**INPUT:**
________

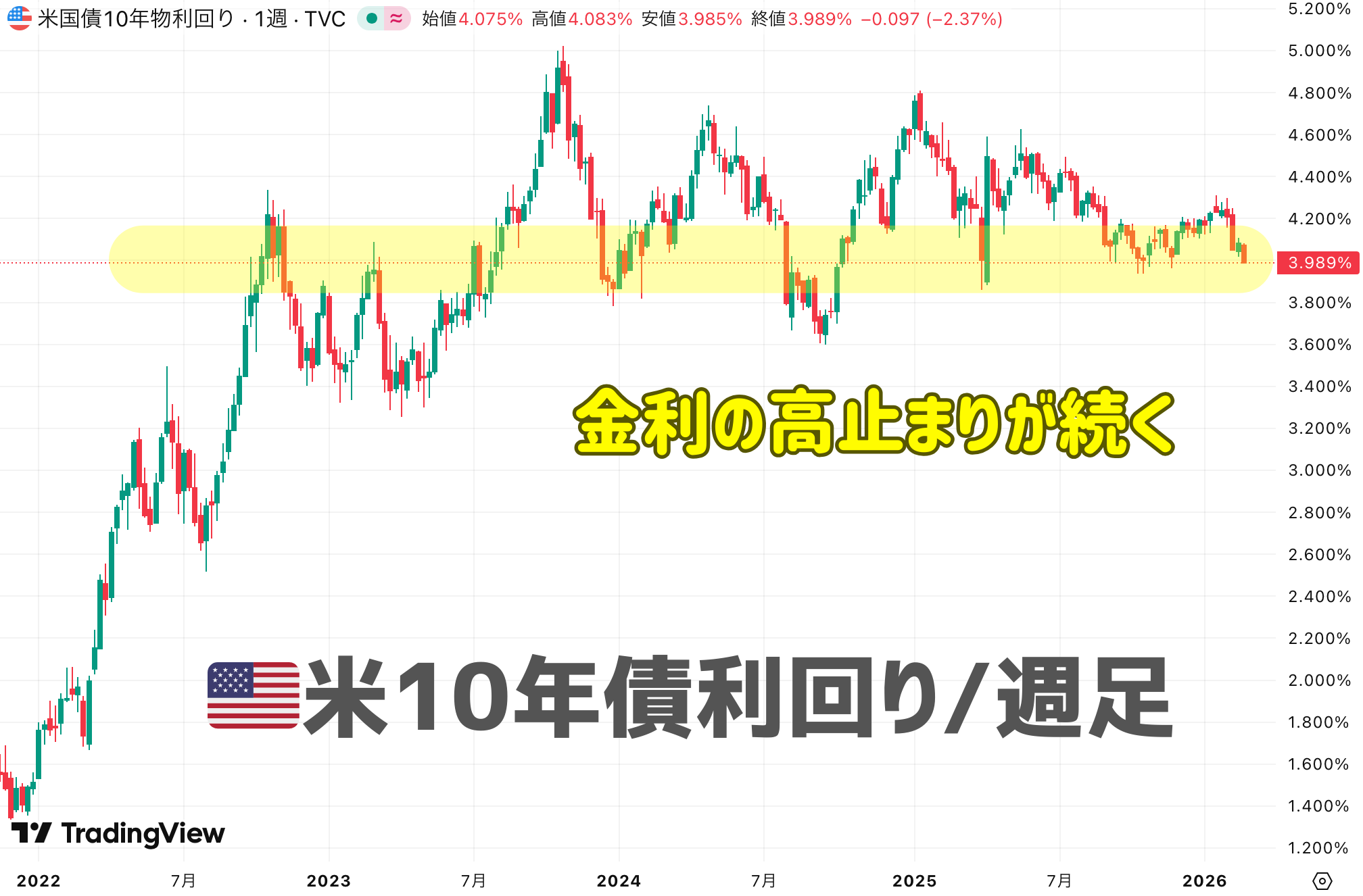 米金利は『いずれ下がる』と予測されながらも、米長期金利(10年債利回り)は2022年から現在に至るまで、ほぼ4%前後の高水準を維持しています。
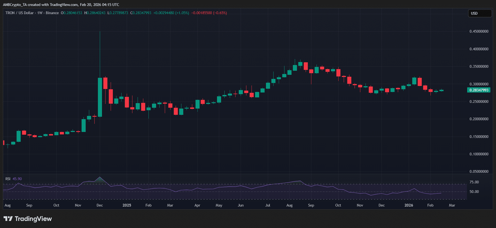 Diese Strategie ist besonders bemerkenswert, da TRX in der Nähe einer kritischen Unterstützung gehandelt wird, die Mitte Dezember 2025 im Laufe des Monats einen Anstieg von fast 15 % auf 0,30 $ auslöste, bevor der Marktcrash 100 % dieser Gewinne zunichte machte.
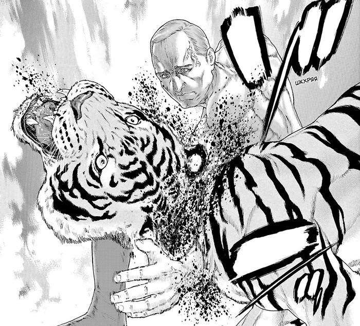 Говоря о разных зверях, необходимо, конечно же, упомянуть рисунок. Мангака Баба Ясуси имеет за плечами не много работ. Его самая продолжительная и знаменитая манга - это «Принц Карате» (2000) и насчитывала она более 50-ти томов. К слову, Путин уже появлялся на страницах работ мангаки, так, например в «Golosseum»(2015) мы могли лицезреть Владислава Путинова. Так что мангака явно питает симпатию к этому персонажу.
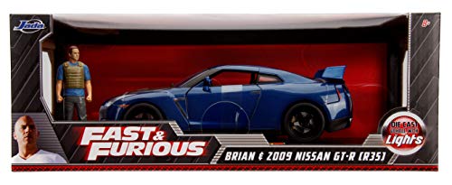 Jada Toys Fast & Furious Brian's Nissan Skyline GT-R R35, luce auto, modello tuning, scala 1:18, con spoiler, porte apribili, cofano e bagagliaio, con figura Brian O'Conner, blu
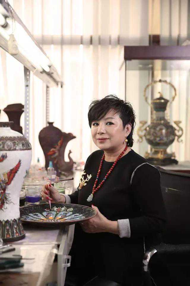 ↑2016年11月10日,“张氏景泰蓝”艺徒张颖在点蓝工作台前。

________

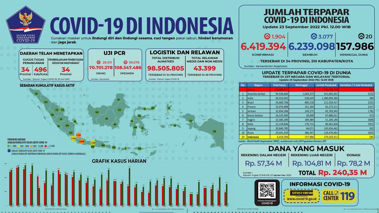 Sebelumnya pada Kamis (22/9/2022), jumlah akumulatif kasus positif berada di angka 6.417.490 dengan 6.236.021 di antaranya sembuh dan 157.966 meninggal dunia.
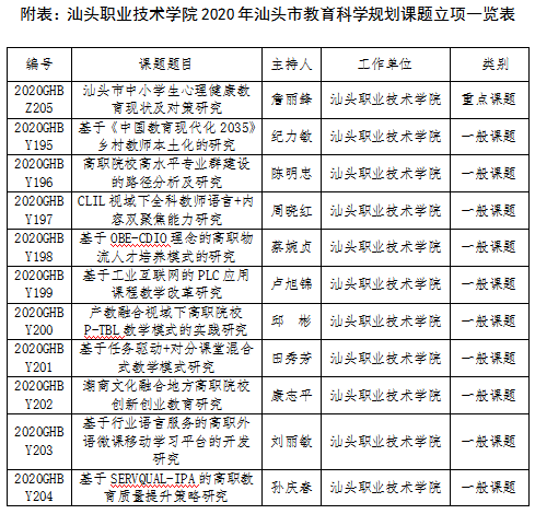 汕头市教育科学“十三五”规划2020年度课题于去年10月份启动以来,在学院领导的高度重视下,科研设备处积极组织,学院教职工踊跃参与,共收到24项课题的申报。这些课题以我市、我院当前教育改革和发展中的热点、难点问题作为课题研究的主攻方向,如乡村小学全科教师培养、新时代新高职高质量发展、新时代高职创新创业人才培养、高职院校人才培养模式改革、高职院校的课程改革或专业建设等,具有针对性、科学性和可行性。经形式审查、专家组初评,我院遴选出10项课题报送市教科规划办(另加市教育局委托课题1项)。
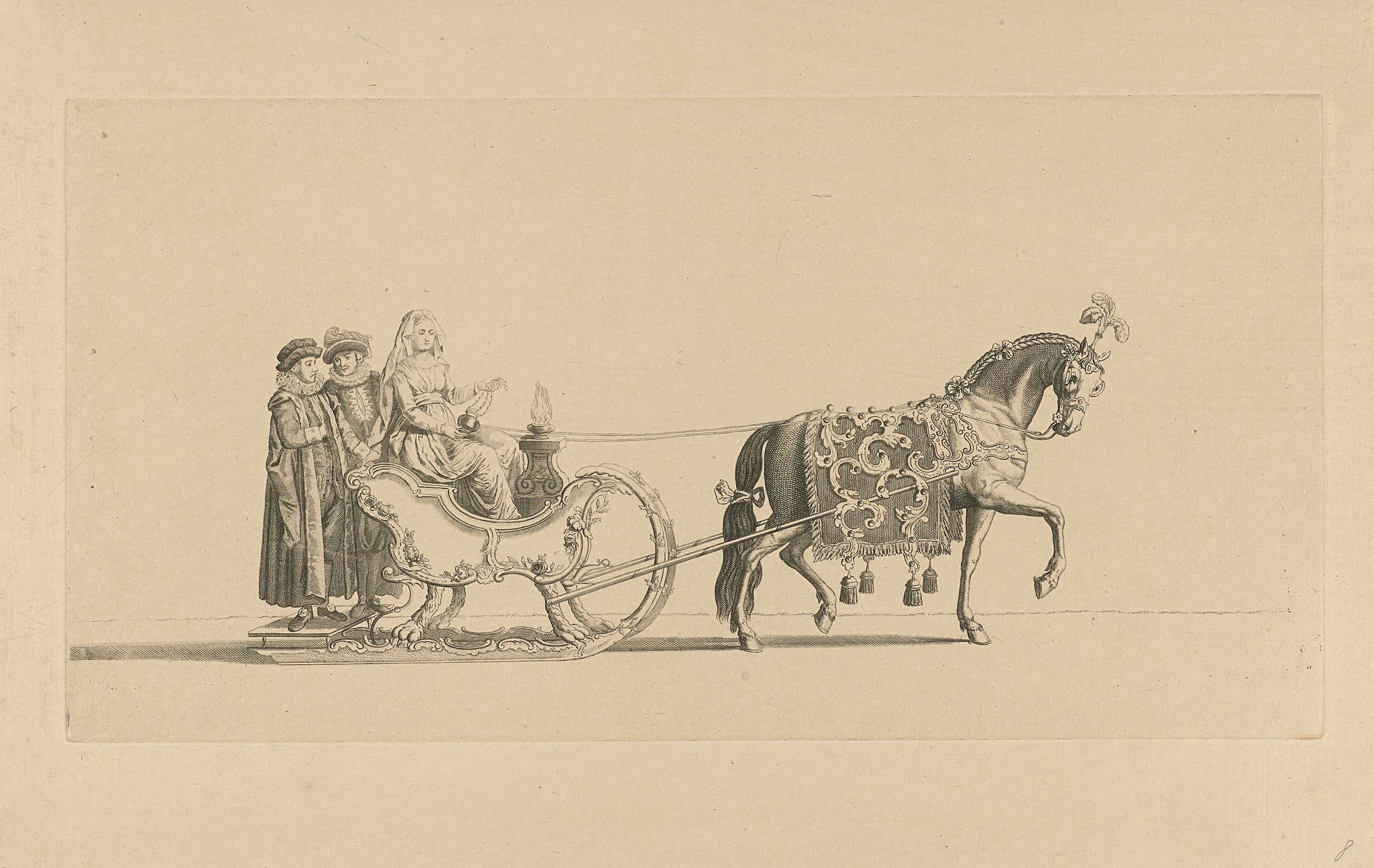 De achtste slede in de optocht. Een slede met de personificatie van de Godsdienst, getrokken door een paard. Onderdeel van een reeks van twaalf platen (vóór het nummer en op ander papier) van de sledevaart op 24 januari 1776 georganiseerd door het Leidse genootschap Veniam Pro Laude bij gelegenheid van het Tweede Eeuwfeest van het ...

________

**EXERCISE REQUIREMENTS:**
What is needed is an exact copy of only the lines above from the one with "米金利は『いずれ下がる』と予" to the one with "Diese Strategie ist", both kept, with every picture left out.

**REPLY TO THE TASK:**
 米金利は『いずれ下がる』と予測されながらも、米長期金利(10年債利回り)は2022年から現在に至るまで、ほぼ4%前後の高水準を維持しています。
 Diese Strategie ist besonders bemerkenswert, da TRX in der Nähe einer kritischen Unterstützung gehandelt wird, die Mitte Dezember 2025 im Laufe des Monats einen Anstieg von fast 15 % auf 0,30 $ auslöste, bevor der Marktcrash 100 % dieser Gewinne zunichte machte.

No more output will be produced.